第805話 豊富な大地

「ん?」


 昼食の準備をしてると、頭になにか当たった感じがして、反射的に上を見た。


「……雨、か……」


 ぽつらぽつらと雨粒が落ちてくる。


「魔大陸にも雨が降るんだな」


 イメージ的にも見た目的にも雨なんて降らないと思ってたよ。


「滅多には降りませんし、よく降って小雨程度です。この感じでは霧雨くらいでしょうかね」


 そうなんだ。それでは草木が生えねーか。


「ちょっとでも植物が自生したら、まだ救いはあるんだがな」


 見渡す限り、ペンペン草も生えてねーよ。


「いえ、植物は生えてますよ。あそこ、見えますか?」


 レイコさんが遠くを指差した。


 目をすぼめて見るが、よくわからん。結界双眼鏡を創り出して再度見る。


「もうちょっと下です」


 オレが見ている場所がわかるのか、そう指示を出すレイコさん。今さらながら幽霊はどう言う機能のもとに見てんだろうね?


 まあ、幽霊の神秘はともかく、下ですね。


「はい、そこです。周りの岩に擬態しているのでわかり難いですが、短い棘がたくさん出てるものがあるの、わかります?」


 短い棘がたくさんね……。


「──あーハイハイ! わかったわかった。これな! 確かに岩に擬態してるわ」


 日頃から薬草摘みや山歩きしてなけりゃ見抜けねーぜ、これはよ。


 遠くてサイズはわからんが、オレの考えるな、感じろからして拳大のものだな。


「サボテンの一種かな?」


「ご主人様は、ホファと呼んでます。プルム系の流れを組んでいるらしいですよ」


「先生がそう呼んでいるのなら、なんか薬の材料になるのか?」


「薬と言うか、虫除けですかね? ホファの液体を大地に撒くとワームが寄って来ませんから」


 魔大陸のワームがどれほどのものかはわからんが、オレらが住む大陸のワーム(子どもの腕くらいで一メートルほどある)にも効くかな? ワームって、なかなか退治し辛いんだよな。


「ホファって、結構生ってるものなのかい?」


「はい。
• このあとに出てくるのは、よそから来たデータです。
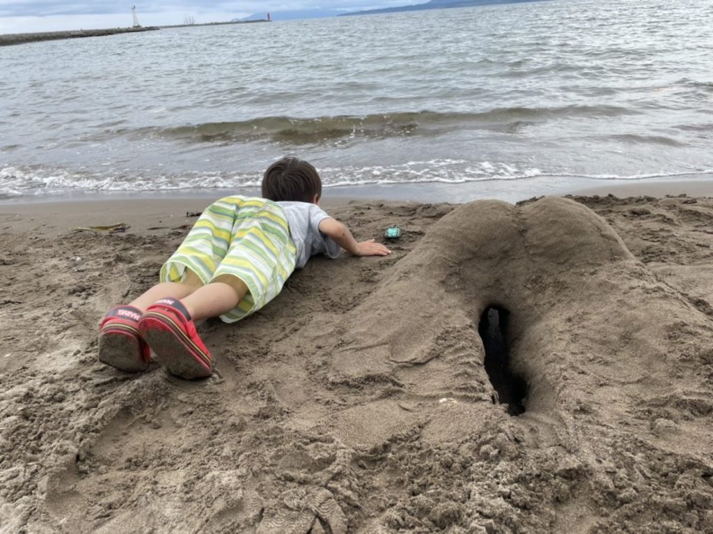 『パパとお尻山作ったっさ!』と。

キュシュンジャーの主食で、家畜の飼料となるものですから」


 竜人さんたち、あれを食ってんだ。ん? 家畜って?


「ベー様にわかりやすく言うと、亀ですかね? 海にいるのとはちょっと違いますけど」


 陸亀か? まあ、ファンタジーの生き物。そのちょっと違いは、まったく違うになるんだろうよ。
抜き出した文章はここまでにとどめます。